RECORDS:

==============================

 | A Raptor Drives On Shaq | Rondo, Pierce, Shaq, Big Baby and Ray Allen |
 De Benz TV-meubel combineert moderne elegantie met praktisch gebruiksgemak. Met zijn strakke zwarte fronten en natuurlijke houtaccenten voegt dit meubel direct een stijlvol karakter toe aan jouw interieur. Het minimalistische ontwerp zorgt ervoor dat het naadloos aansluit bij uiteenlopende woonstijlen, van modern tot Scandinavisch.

==============================

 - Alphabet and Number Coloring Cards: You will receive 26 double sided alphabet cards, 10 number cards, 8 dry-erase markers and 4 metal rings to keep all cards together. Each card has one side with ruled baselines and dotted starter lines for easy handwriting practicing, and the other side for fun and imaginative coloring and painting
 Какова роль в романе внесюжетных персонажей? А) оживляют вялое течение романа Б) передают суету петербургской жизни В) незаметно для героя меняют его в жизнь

==============================

EXERCISE GOAL:
Your answer should consist only of the lines above between the line holding "- Alphabet and" and the line holding "Какова роль в", inclusive, each transcribed exactly.

SOLUTION TO THE EXERCISE:
 - Alphabet and Number Coloring Cards: You will receive 26 double sided alphabet cards, 10 number cards, 8 dry-erase markers and 4 metal rings to keep all cards together. Each card has one side with ruled baselines and dotted starter lines for easy handwriting practicing, and the other side for fun and imaginative coloring and painting
 Какова роль в романе внесюжетных персонажей? А) оживляют вялое течение романа Б) передают суету петербургской жизни В) незаметно для героя меняют его в жизнь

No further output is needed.